You can't know which vertical load will actually be applied at the time of an earthquake, the variability of concrete material is such that you can't really know which element has cracked (you can assume they all have the same tensile strength which statistically is impossible, the placing of concrete is not uniform), especially when you consider the long term effects. On top of that, stiffness depends heavily on the reinforcement so you'd have to iterate the whole procedure, not just the first part. Also, you'd need to know the loading history because that can influence what is cracked (e.g. under load case 1 a wall B will crack, but under load case 2 a wall C will crack. Which wall is cracked at the time of an EQ? It depends on the loading history and you can't know that since you don't know when the EQ will come, or how exactly will the structure be used. Think like in plate design, where you do different combinations to get the "worst" one for ULS... how do you know which of these combinations will come before and which after the EQ? Or will they actually come at all). In addition, the stiffness changes (and the load travels) during an earthquake and doing elastic analysis (or even if you're doing inelastic static analysis) you need to assume an equivalent stiffness depending on the maximum expected displacement and maximum expected internal force in the element under that specific EQ, which is always extremely approximate. Depending on the shape of the EQ wave and the direction the walls will crack in a different order and to a different extent. The soil is not of uniform quality... the list can go on for a long time.

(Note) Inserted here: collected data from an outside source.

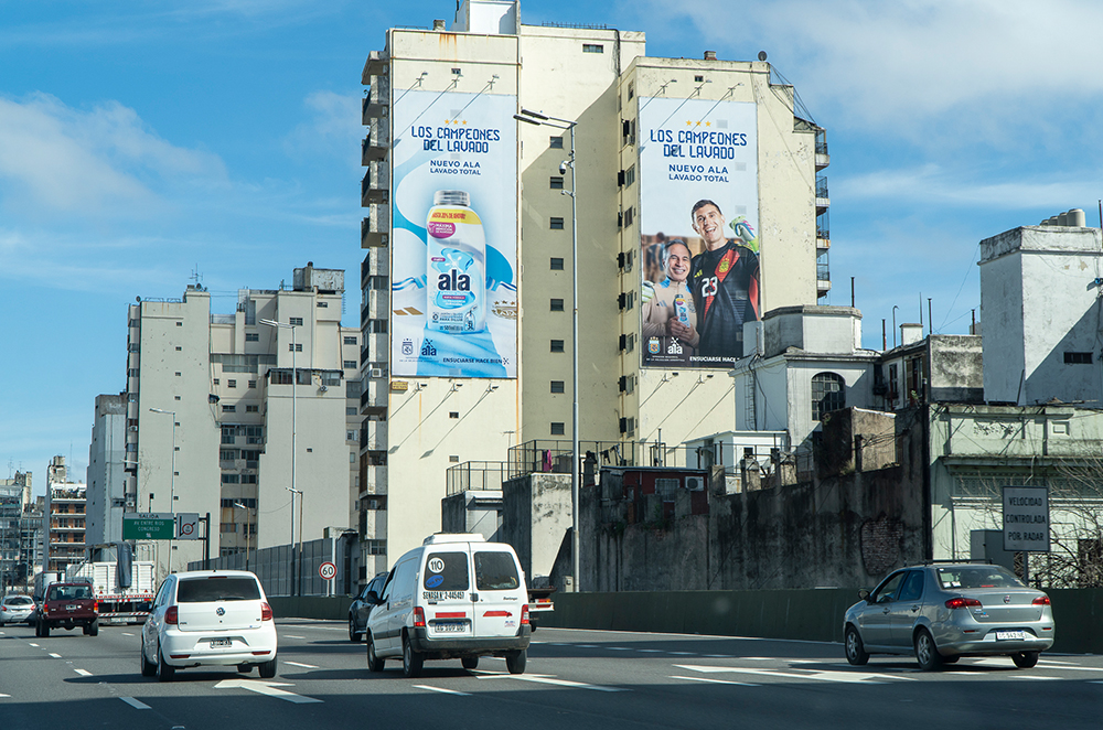 Doble Mediawall iluminada mediante tecnología LED, limitando el impacto sobre nuestra huella de carbono, y optimizando el consumo energético; sita en AU 25 de Mayo y Luis Sáenz Peña– Capital Federal. Enfrenta el tránsito que circula por AU 25 de Mayo desde AU Bs. As. – La Plata / 9 de Julio Sur. hacia Av. Gral. Paz – Ezeiza – Acceso Oeste.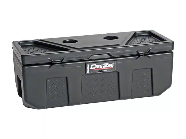 Poly Plastic. Proudly made in the USA, this storage chest is crafted from rigid poly plastic material, guaranteeing strength and reliability. The double-lid design allows for convenient access to your stored items. Molded cup holders add extra functionality to the chest, making it ideal for road trips and outdoor adventures.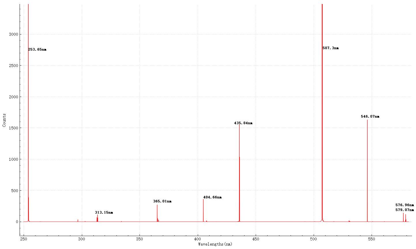 图3 汞灯的扫描拼接光谱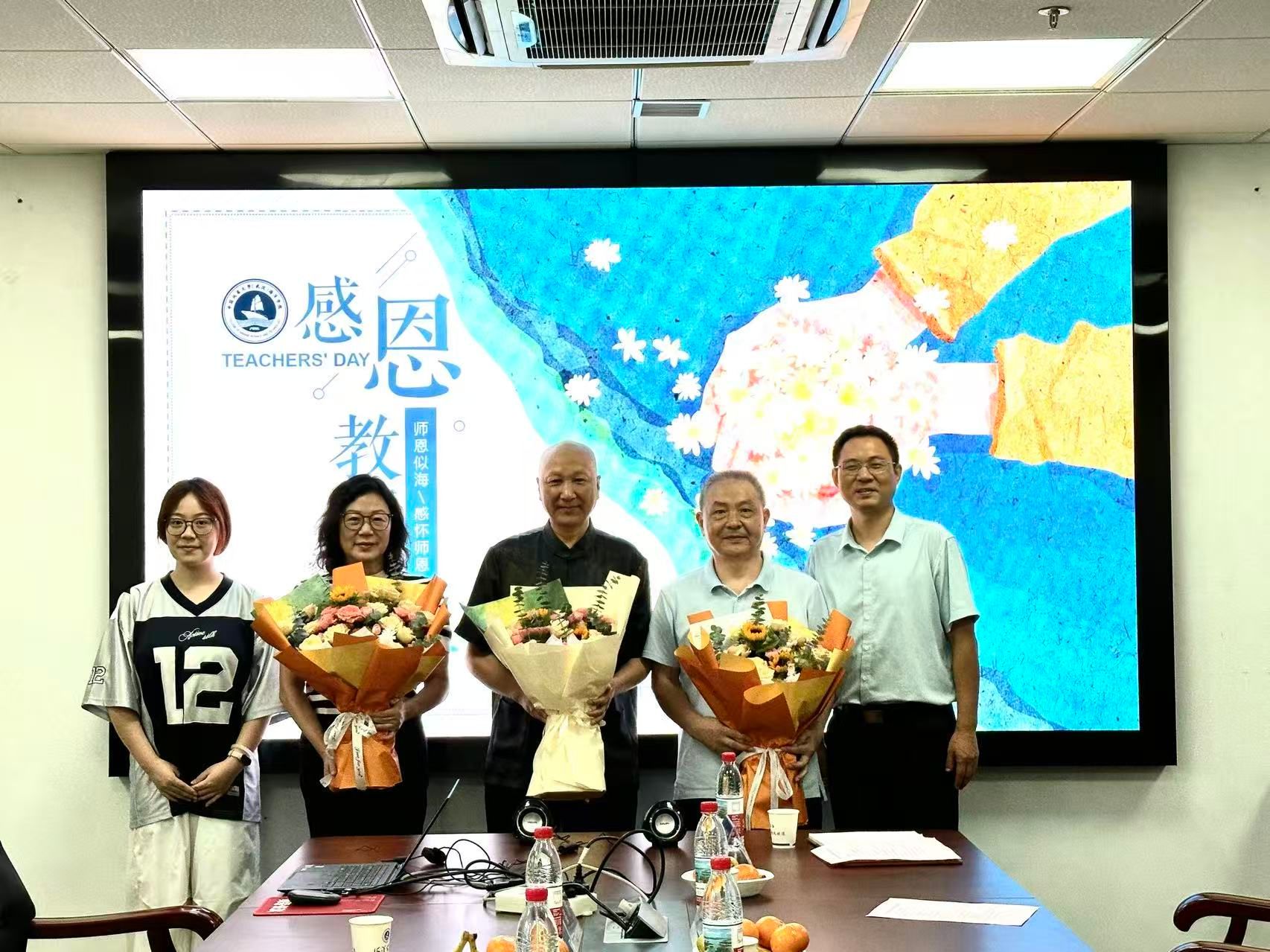 党委书记刘国华、学生代表分别为荣休教师和教师代表献花。

In short, anything more complex than the code provisions is only fooling you into a false sense of security (unless you actually do a ton of testing... even then it's not really an exact science).
 
Instead of of changing the stiffness why don't you just use direct integration methods (transient analysis) and include non-linear geometry and material as this will allow redistribution.

I have seen a number of codes which have a clause which allows one to perform analysis using this method.
 
OP said:
I believe this is not what "SIMPLIFIED" method that the code wants it to be?

I believe the opposite is true. Code is allowing you to design for the final cracked state, that is, when A to C all walls are cracked. This is what you described in the post right?

As I understand, the idea behind modifying the properties of a member is
1. To have some sort of consistency between a linear static analysis and strength based design approach.
2. To have realistic estimates of deformation at design load level.

Ideally, the analysis should be based on the stiffness that takes into account the degree of cracking expected to occur in each member during a seismic event. However, as hardbutmild have explained that calculating different stiffnesses for each member will be very complex and it would make the analyses inefficient.

As far as I know, the effective moment of inertia values given in code are not arbitrary but based on test results and is a simple way to take into account the structure non-linearity.